**ASSIGNED TASK**
Without including any pictures, write out all the records word for word.

**DATA UNDER STUDY**
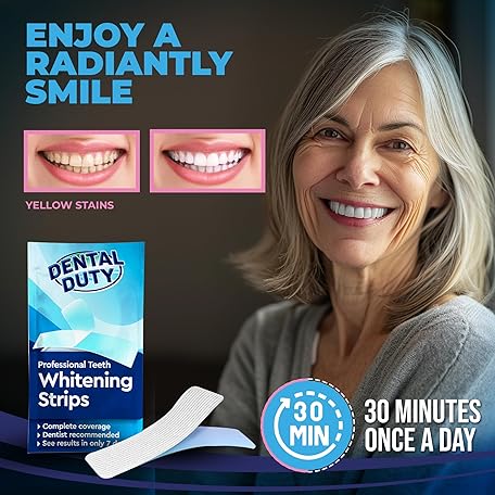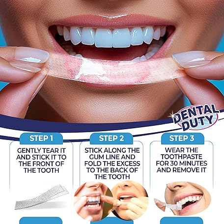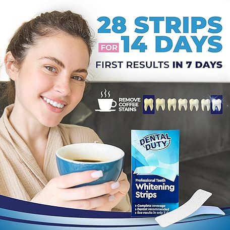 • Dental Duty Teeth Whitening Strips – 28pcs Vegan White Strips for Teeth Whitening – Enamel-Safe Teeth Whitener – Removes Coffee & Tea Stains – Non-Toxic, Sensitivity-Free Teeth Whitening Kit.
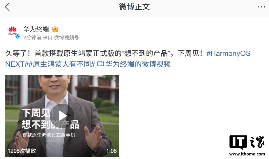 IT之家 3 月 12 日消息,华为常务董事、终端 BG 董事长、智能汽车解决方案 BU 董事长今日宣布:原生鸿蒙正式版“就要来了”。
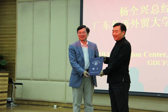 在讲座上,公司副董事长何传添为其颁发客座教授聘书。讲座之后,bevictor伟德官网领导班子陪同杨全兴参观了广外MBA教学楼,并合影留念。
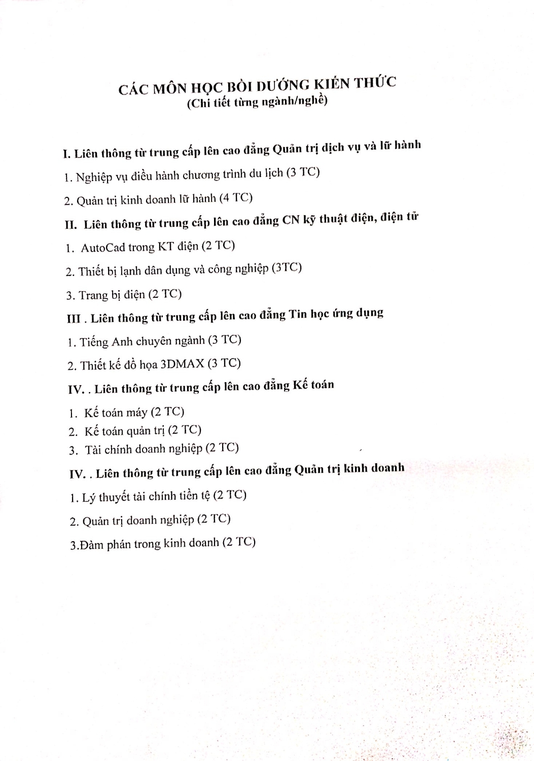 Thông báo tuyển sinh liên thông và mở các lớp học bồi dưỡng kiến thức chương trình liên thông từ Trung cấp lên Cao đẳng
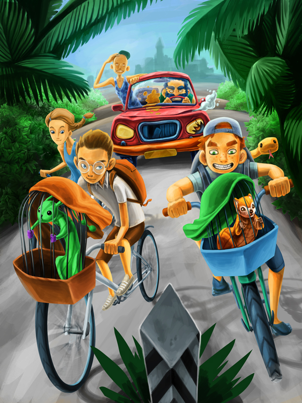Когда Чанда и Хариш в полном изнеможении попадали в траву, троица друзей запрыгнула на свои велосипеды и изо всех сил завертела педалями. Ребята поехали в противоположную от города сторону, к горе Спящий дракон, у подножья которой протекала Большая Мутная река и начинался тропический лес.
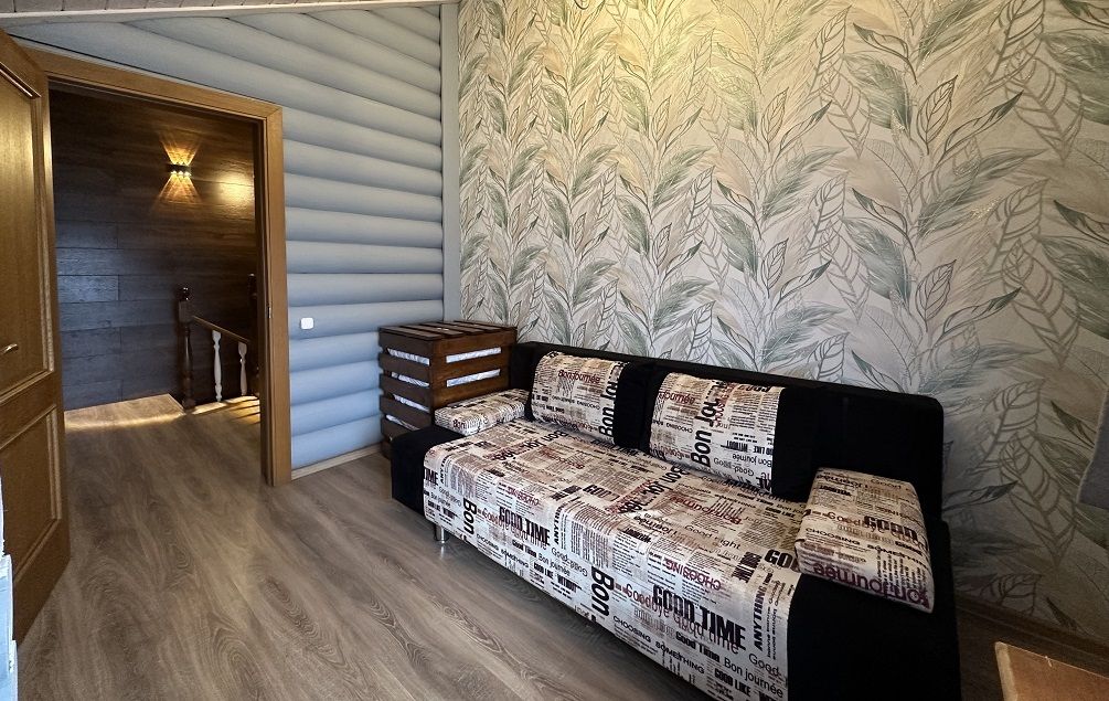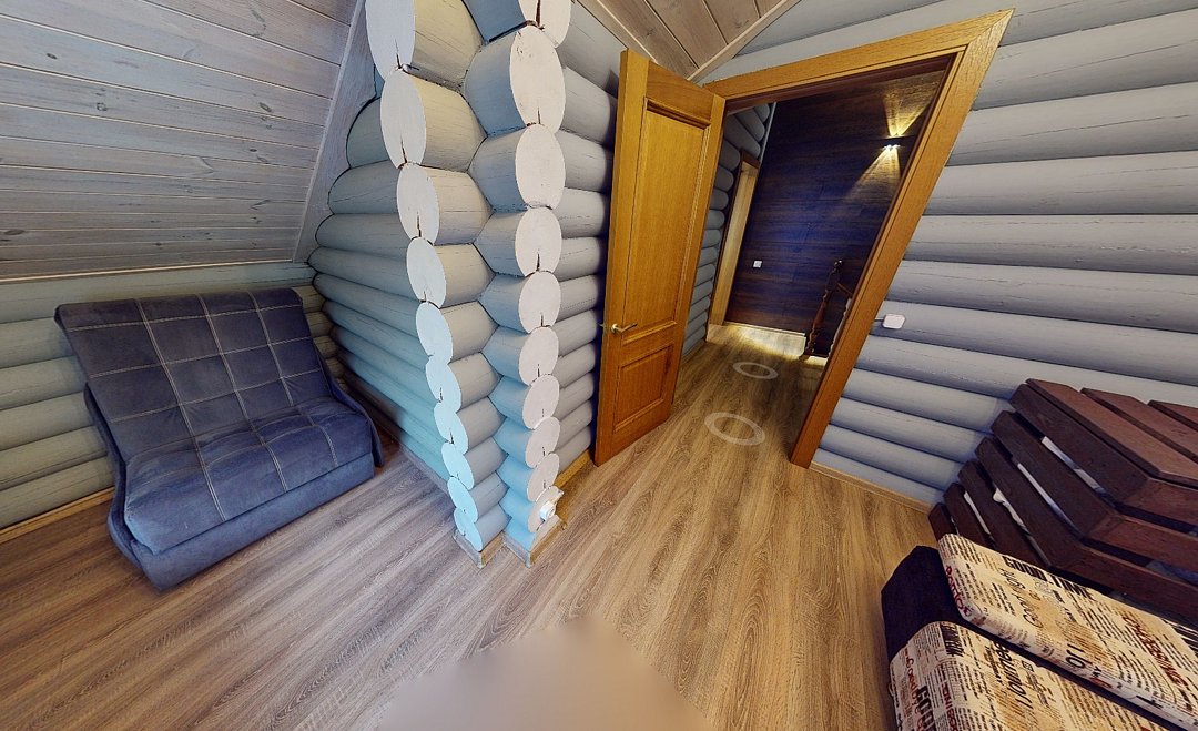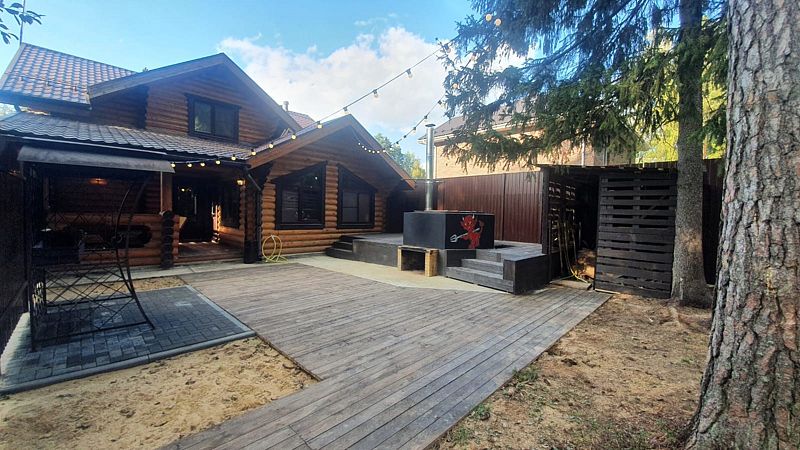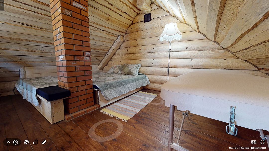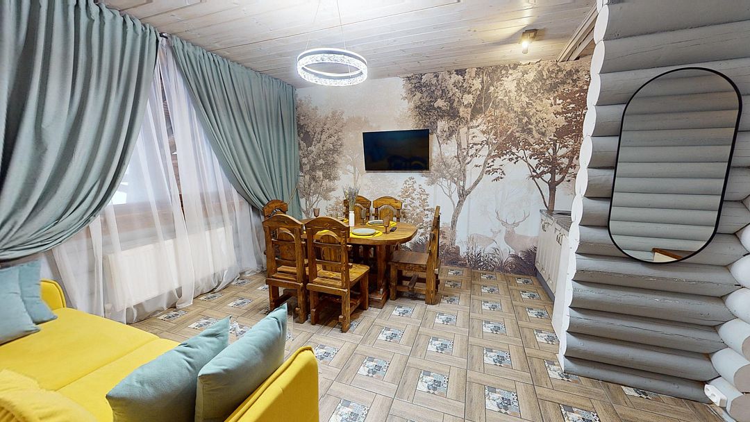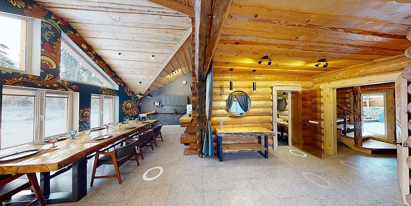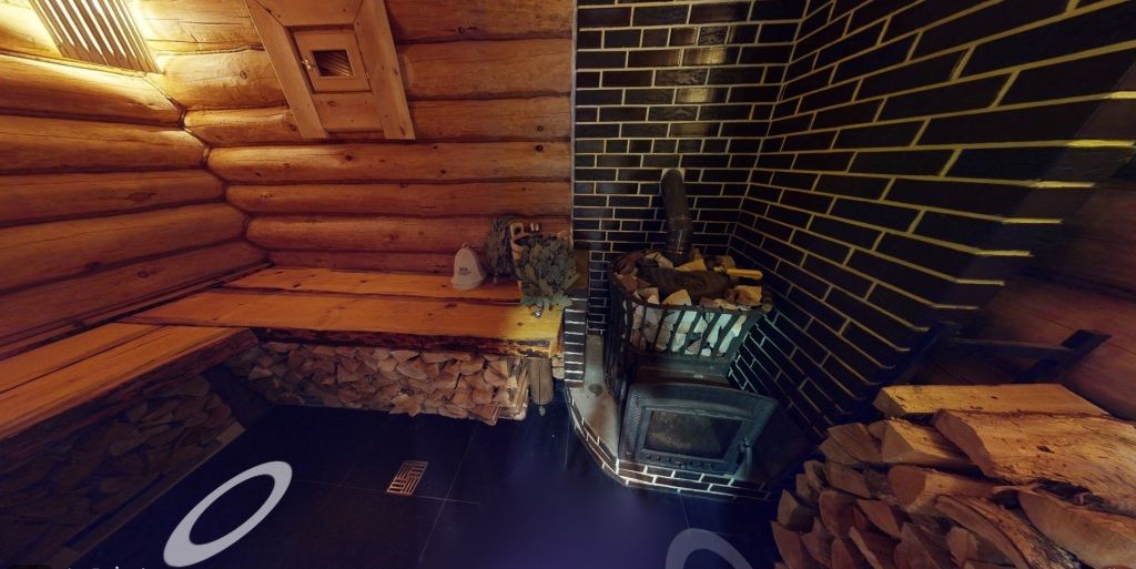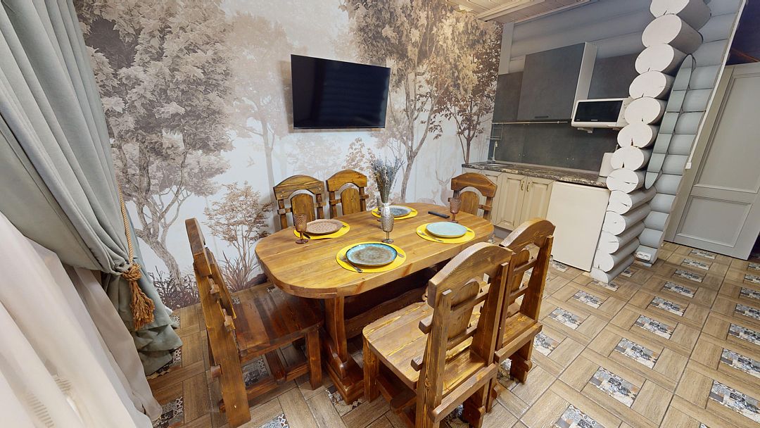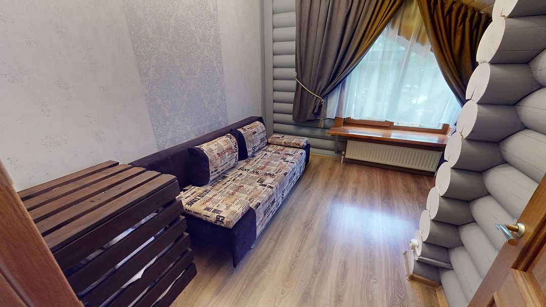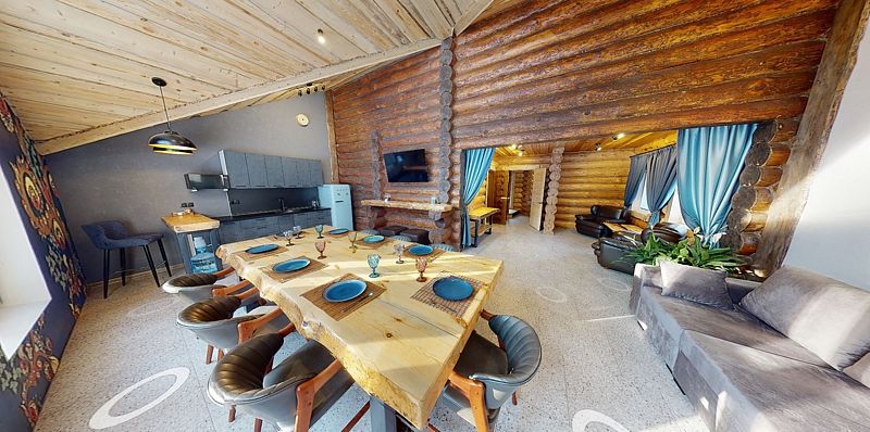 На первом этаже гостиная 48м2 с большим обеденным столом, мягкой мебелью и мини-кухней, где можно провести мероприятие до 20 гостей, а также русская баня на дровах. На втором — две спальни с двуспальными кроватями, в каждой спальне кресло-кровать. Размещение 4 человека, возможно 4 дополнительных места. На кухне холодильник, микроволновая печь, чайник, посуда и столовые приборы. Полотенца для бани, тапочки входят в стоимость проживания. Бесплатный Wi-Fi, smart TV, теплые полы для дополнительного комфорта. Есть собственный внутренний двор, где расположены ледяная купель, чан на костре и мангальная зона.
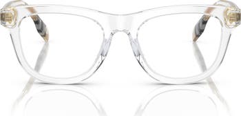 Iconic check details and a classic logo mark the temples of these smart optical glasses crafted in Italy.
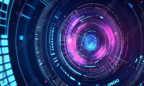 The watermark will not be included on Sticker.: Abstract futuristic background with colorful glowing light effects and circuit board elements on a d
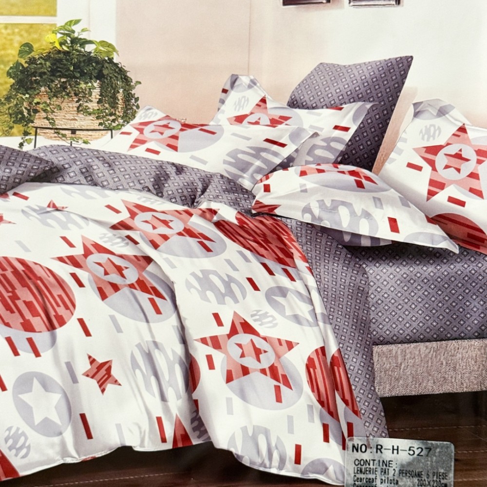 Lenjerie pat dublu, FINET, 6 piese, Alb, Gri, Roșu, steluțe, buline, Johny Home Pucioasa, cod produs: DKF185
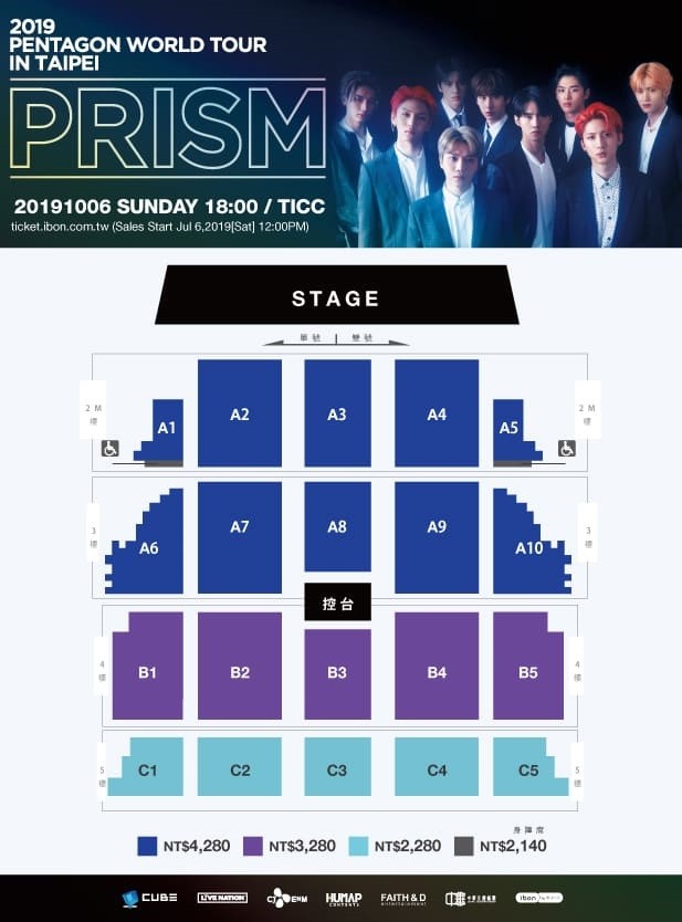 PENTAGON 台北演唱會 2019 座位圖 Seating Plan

**SOLVED EXERCISE**
 • Dental Duty Teeth Whitening Strips – 28pcs Vegan White Strips for Teeth Whitening – Enamel-Safe Teeth Whitener – Removes Coffee & Tea Stains – Non-Toxic, Sensitivity-Free Teeth Whitening Kit.
 IT之家 3 月 12 日消息,华为常务董事、终端 BG 董事长、智能汽车解决方案 BU 董事长今日宣布:原生鸿蒙正式版“就要来了”。
 在讲座上,公司副董事长何传添为其颁发客座教授聘书。讲座之后,bevictor伟德官网领导班子陪同杨全兴参观了广外MBA教学楼,并合影留念。
 Thông báo tuyển sinh liên thông và mở các lớp học bồi dưỡng kiến thức chương trình liên thông từ Trung cấp lên Cao đẳng
Когда Чанда и Хариш в полном изнеможении попадали в траву, троица друзей запрыгнула на свои велосипеды и изо всех сил завертела педалями. Ребята поехали в противоположную от города сторону, к горе Спящий дракон, у подножья которой протекала Большая Мутная река и начинался тропический лес.
 На первом этаже гостиная 48м2 с большим обеденным столом, мягкой мебелью и мини-кухней, где можно провести мероприятие до 20 гостей, а также русская баня на дровах. На втором — две спальни с двуспальными кроватями, в каждой спальне кресло-кровать. Размещение 4 человека, возможно 4 дополнительных места. На кухне холодильник, микроволновая печь, чайник, посуда и столовые приборы. Полотенца для бани, тапочки входят в стоимость проживания. Бесплатный Wi-Fi, smart TV, теплые полы для дополнительного комфорта. Есть собственный внутренний двор, где расположены ледяная купель, чан на костре и мангальная зона.
 Iconic check details and a classic logo mark the temples of these smart optical glasses crafted in Italy.
 The watermark will not be included on Sticker.: Abstract futuristic background with colorful glowing light effects and circuit board elements on a d
 Lenjerie pat dublu, FINET, 6 piese, Alb, Gri, Roșu, steluțe, buline, Johny Home Pucioasa, cod produs: DKF185
 PENTAGON 台北演唱會 2019 座位圖 Seating Plan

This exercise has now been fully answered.